--- START ---
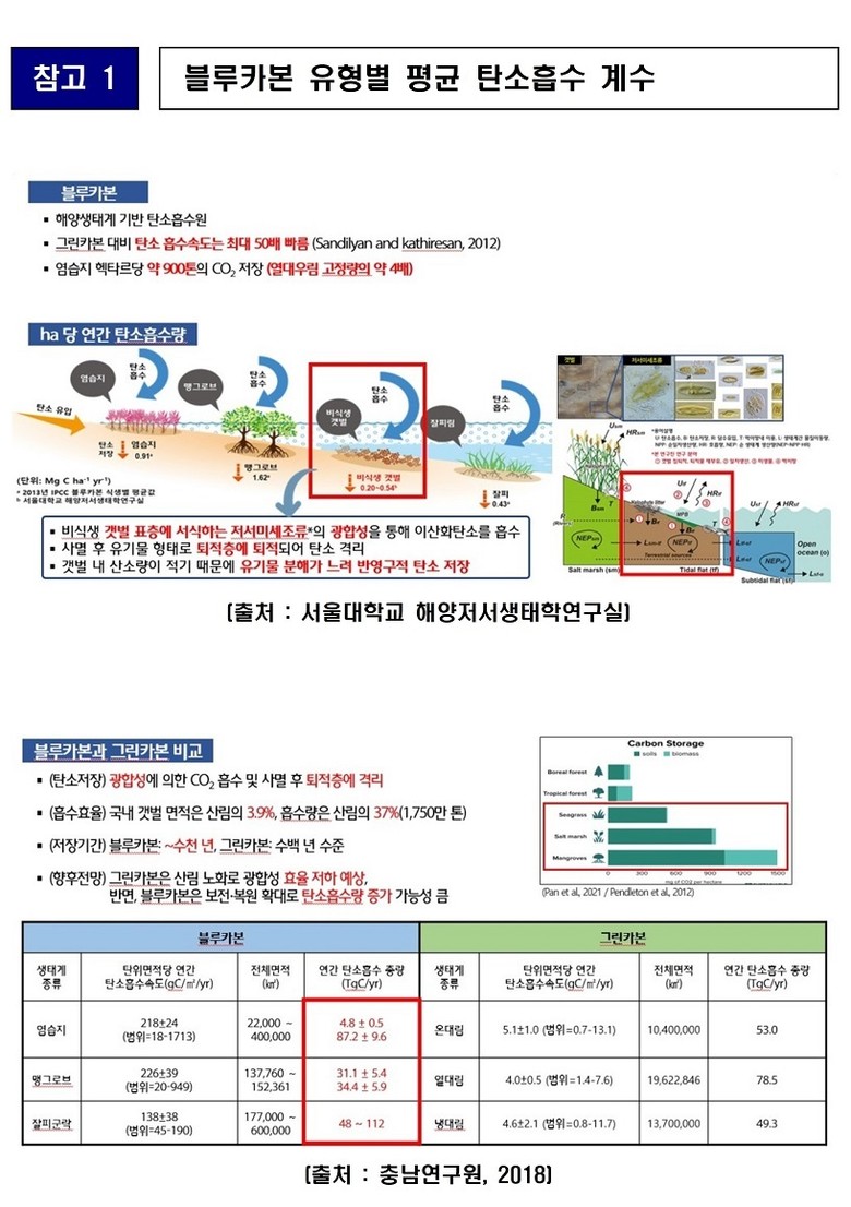 탄소흡수원으로서 블루카본은 육상생태계와 더불어 중요한 환경적 가치가 주목받고 있으며, 국가 온실가스 감축목표(NDC)인 2030년까지 40% 감축(2018년 대비) 목표 달성을 위한 핵심 수단으로 그 중요성은 날로 증대되고 있다.
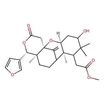 | CCSBASE_70761411DB | 3alpha-HYDROXY-3-DEOXYANGOLENSIC ACID METHYL ESTER | [M+H]+ | 473.2534 | 204.6 | C[C@@]12CCC3C(=C)[C@]1(CC(=O)O[C@H]2C4=COC=C4)O[C@@H]5[C@]3(C(C(C(C5)O)(C)C)CC(=O)OC)C | Organoheterocyclic compounds | 1 | 7 | TW | calibrated with polyalanine and drug standards | |
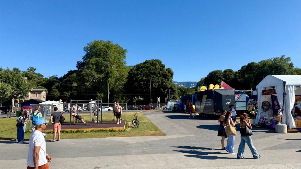 We consider heading for the start of the “fan walk”. Yesterday’s Oranje Walk was so good (so good) that we want to experience a similar atmosphere again, this time with the Swiss and Finnish fans. But we are unsure where the fan walk starts from. We spot two Euro 22 “helpers” and ask their assistance. It seems that the walk will set off from close to our hotel and akes about 45 minutes to reach Stade de Genève.
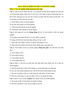 Câu 1. Toàn bộ trách nhiệm bắt buộc và tự nguyện mà một doanh nghiệp thực hiện đối
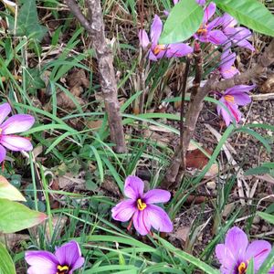 沙羅の木の下で、サフランが顔を出していました😊 お花少ない時期だから、なんか嬉しいな😊✌️
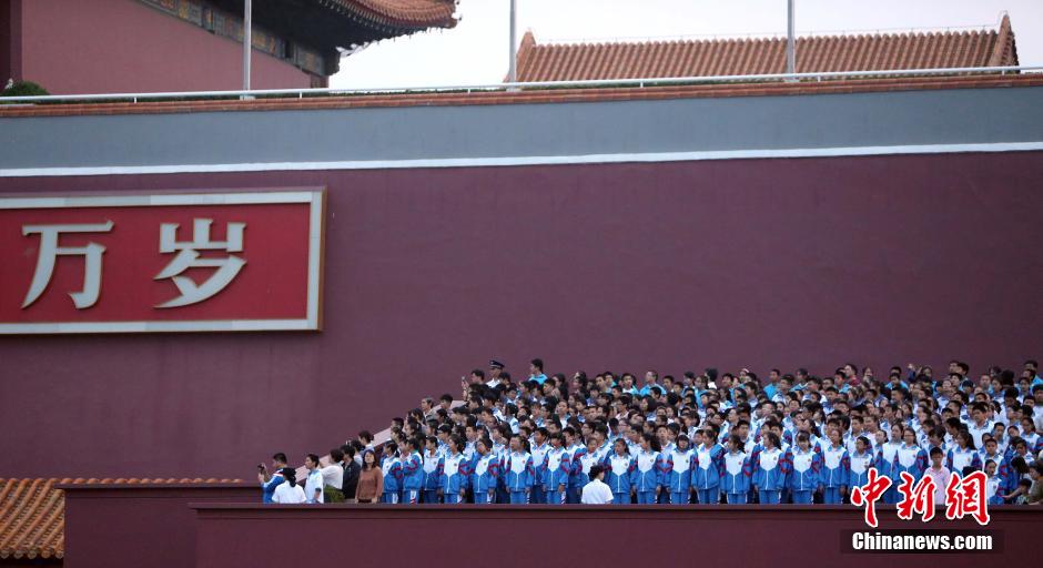 6月1日,众多来自北京市区的学生登上天安门观礼台,观看升旗仪式。中新社发 杨可佳 摄
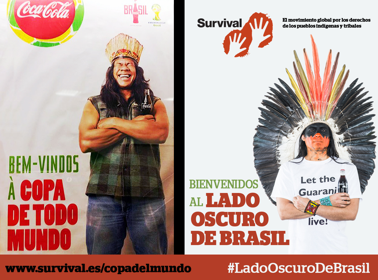 Para llamar la atención sobre la profunda ironía que supone que Coca-Cola y la FIFA promocionen el Mundial con una imagen de un hombre indígena feliz al que acompaña el mensaje “Bienvenidos a la Copa de todo el Mundo”, Survival Internacional ha recreado un anuncio alternativo a modo de parodia que muestra al indígena amazónico Nixiwaka Yawanawá dando la bienvenida al público a “El lado oscuro de Brasil” y reclamando que “¡Dejen vivir a los guaraníes!”.
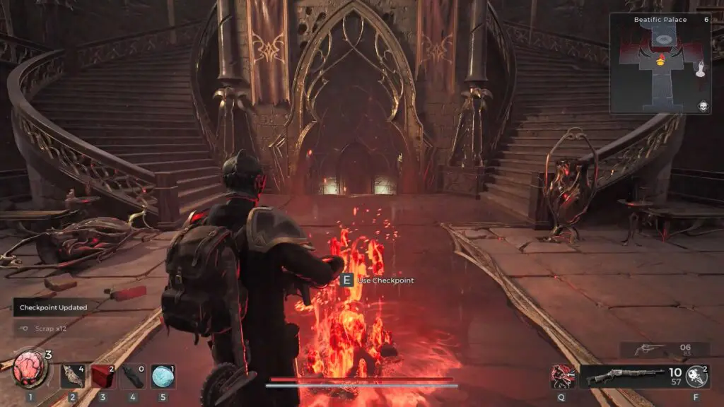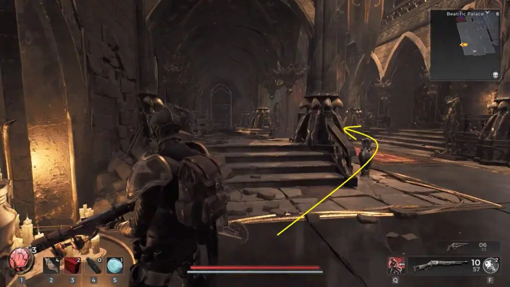 Upon entering the Beatific Palace, proceed past the checkpoint located after the stairs. Take the left path and proceed to the elevator. Defeat the enemies in the area until you will reach your first Checkpoint.
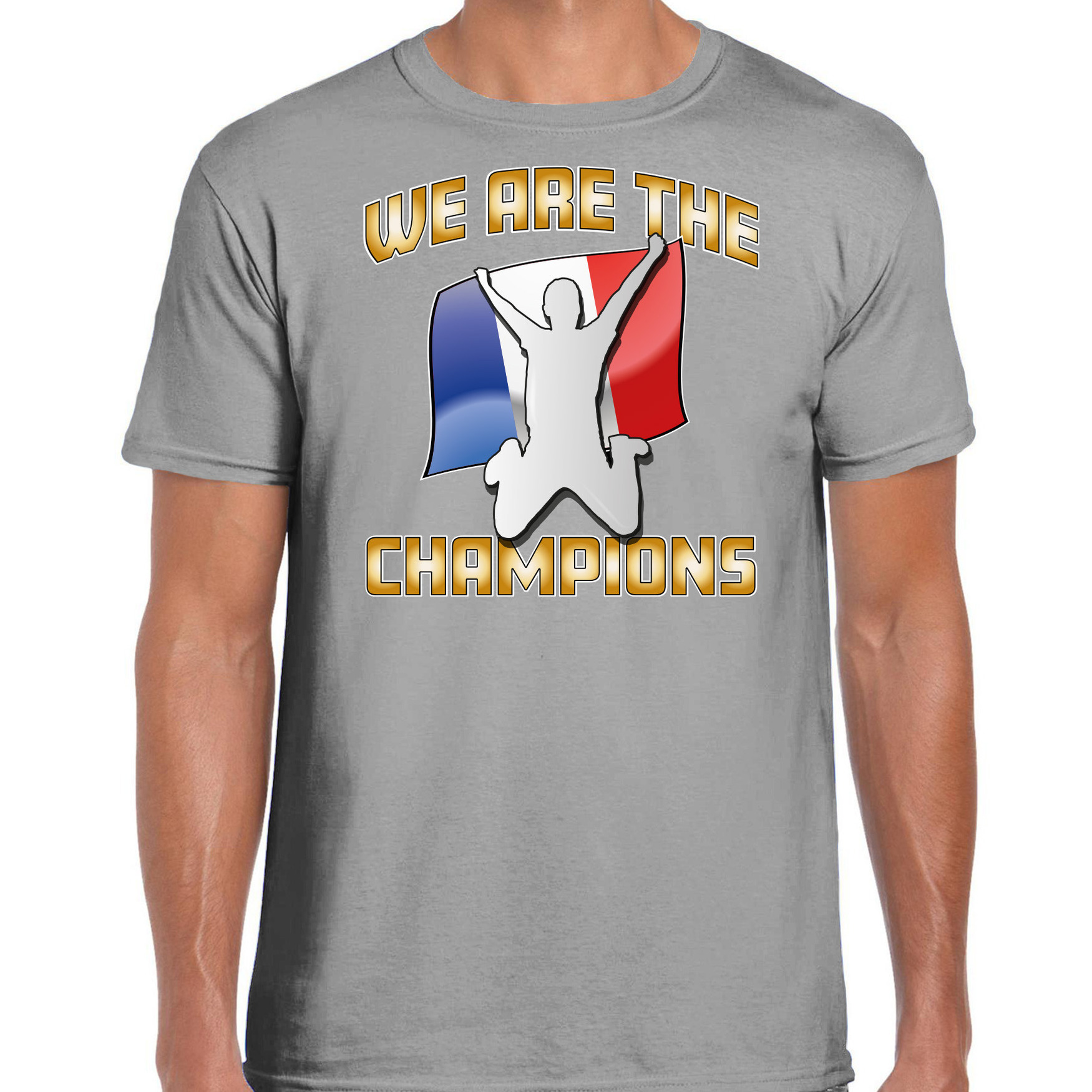 Verkleed T-shirt voor heren in de kleur grijs. Het shirt is bedrukt met de tekst: We are the champions! Met de vlag van Frankrijk. Heb je binnenkort een voetbal wedstrijd of een ander sport evenement waarbij je Frankrijk wil aanmoedigen? Dan is dit bedrukte T-shirt de perfecte keuze! Support Frankrijk met dit leuke bedrukte shirt. Ook leuk om te dragen naar een themafeestje of gewoon zomaar. Materiaal: 145 grams, 100% katoen. Merk: Bellatio Decorations.
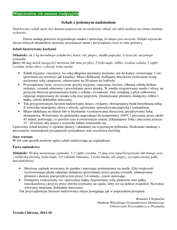 Wieprzowina nie zawsze tradycyjnie Schab z jesiennym nadzieniem Nadziewany schab moŜe być daniem popisowym na niedzielny obiad, ale takŜe podany na zimno smakuje wybornie. Farsze nadają potrawie oryginalnego smaku i sprawiają, Ŝe mięso jest soczyste. Dzięki uŜyciu do farszu róŜnych składników moŜemy urozmaicać menu i przyrządzać coraz to inne potrawy. Schab faszerowany kurkami Składniki: ok.1 kg dorodnego schabu bez kości, sól, pieprz, słodka papryka, ½ łyŜeczki suszonego tymianku farsz: 60 dag kurek (mogą być mroŜone lub inne grzyby), 2 łyŜki mąki, Ŝółtko, średnia cebula, 2 ząbki czosnku, łyŜka oliwy z oliwek, łyŜka masła Schab myjemy, osuszamy, na całej długości nacinamy poziomo, nie do końca, zostawiając 3 cm (powinien się otworzyć jak ksiąŜka). Mięso delikatnie rozbijamy tłuczkiem zwilŜonym wodą, nacieramy solą i pieprzem, odstawiamy na 20 minut do lodówki. • Przyrządzamy farsz: oczyszczone grzyby myjemy, osuszamy, kroimy, Obraną cebulę drobno siekamy, czosnek obieramy i przeciskamy przez praskę. W rondlu rozgrzewamy masło i oliwę, na gorącym tłuszczu przesmaŜamy kurki z cebulą i czosnkiem. Gdy zmiękną, a płyn całkowicie odparuje doprawiamy do smaku solą oraz pieprzem. Zmniejszamy płomień, dodajemy Ŝółtko i mąkę, całość dokładnie mieszamy. • Tak przygotowanym farszem nadziewamy mięso, zwijamy, obwiązujemy białą bawełnianą nitką. Z wierzchu smarujemy oliwą z oliwek, oprószamy sproszkowaną papryką i tymiankiem. • Mięso układamy na blasze lub w brytfannie wysmarowanej tłuszczem, przykrywamy folią aluminiową. Wstawiamy do piekarnika nagrzanego do temperatury 160°C i pieczemy przez około 45 minut, polewając, co pewien czas wytworzonym sosem. Zdejmujemy folię i pieczemy jeszcze 15 –20 minut, aby mięso z wierzchu ładnie zrumieniło się. Upieczony schab kroimy w zgrabne plastry i układamy na wygrzanym półmisku. Doskonale smakuje z pieczonymi ziemniakami posypanymi tymiankiem oraz sezonową surówką. • Inny wariant W ten sam sposób moŜemy upiec schab nadziewając go szpinakiem. Farsz szpinakowy Składniki: 50 dag mroŜonego szpinaku, 2-3 ząbki czosnku, 15 dag sera typu Gorgonzola lub innego sera z niebieską pleśnią, łyŜka mąki, 1/3 szklanki śmietany, 2 łyŜki masła, sól, pieprz, szczypta startej gałki muszkatołowej MroŜony szpinak wrzucamy do garnka i mieszając podsmaŜamy na maśle. Gdy większość wytworzonego płynu odparuje dodajemy przeciśnięty przez praskę czosnek, zmniejszamy płomień i dusimy pod przykryciem przez 3-4 minuty, często mieszając. • Dodajemy rozkruszony ser, oprószamy mąką, doprawiamy solą, pieprzem oraz gałką muszkatołową i jeszcze przez chwilę trzymamy na ogniu, Ŝeby ser się dobrze rozpuścił. Na końcu wlewamy śmietanę, dokładnie mieszamy. Tak przyrządzonym farszem nadziewamy mięso postępując jak w poprzednim przepisie. • Romana Chojnacka Studium Wiejskiego Gospodarstwa Domowego Uniwersytet Przyrodniczy w Poznaniu Trzoda Chlewna, 2011-10
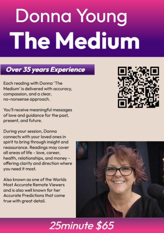 Donna is appearing exclusively at the Majik Gift Country Music Readers Expo, from 17–25 January 2026 in the Attunga Room at Ibis Styles Tamworth, NSW. Readings are available daily from 11:00am to 5:00pm in a peaceful setting designed for clarity and comfort.
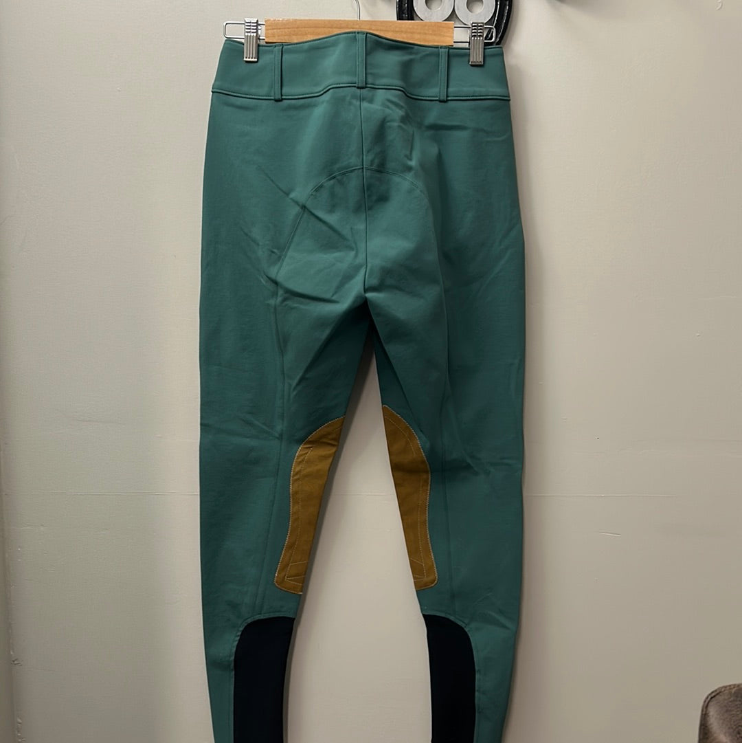 The new fabric allows for a form-fitting figure-flattering look while maintaining its shape and moving with you while you ride. Lightweight, woven 73% cotton/20% polyamide /7% Lycra, with four-way stretch for comfort. Classic European leg seams on the outside of the breech, vintage clarino knee patches, front zip, front slash pockets, and belt loops.
--- END ---
▶ [DESCRIPTION OF THE TASK]
Copy only what lies between the start of the listing above and the line containing "沙羅の木の下で、サフランが顔", inclusive of both ends, exactly as written, and drop the pictures.

▶ [RESPONSE BELOW]
 탄소흡수원으로서 블루카본은 육상생태계와 더불어 중요한 환경적 가치가 주목받고 있으며, 국가 온실가스 감축목표(NDC)인 2030년까지 40% 감축(2018년 대비) 목표 달성을 위한 핵심 수단으로 그 중요성은 날로 증대되고 있다.
 | CCSBASE_70761411DB | 3alpha-HYDROXY-3-DEOXYANGOLENSIC ACID METHYL ESTER | [M+H]+ | 473.2534 | 204.6 | C[C@@]12CCC3C(=C)[C@]1(CC(=O)O[C@H]2C4=COC=C4)O[C@@H]5[C@]3(C(C(C(C5)O)(C)C)CC(=O)OC)C | Organoheterocyclic compounds | 1 | 7 | TW | calibrated with polyalanine and drug standards | |
 We consider heading for the start of the “fan walk”. Yesterday’s Oranje Walk was so good (so good) that we want to experience a similar atmosphere again, this time with the Swiss and Finnish fans. But we are unsure where the fan walk starts from. We spot two Euro 22 “helpers” and ask their assistance. It seems that the walk will set off from close to our hotel and akes about 45 minutes to reach Stade de Genève.
 Câu 1. Toàn bộ trách nhiệm bắt buộc và tự nguyện mà một doanh nghiệp thực hiện đối
 沙羅の木の下で、サフランが顔を出していました😊 お花少ない時期だから、なんか嬉しいな😊✌️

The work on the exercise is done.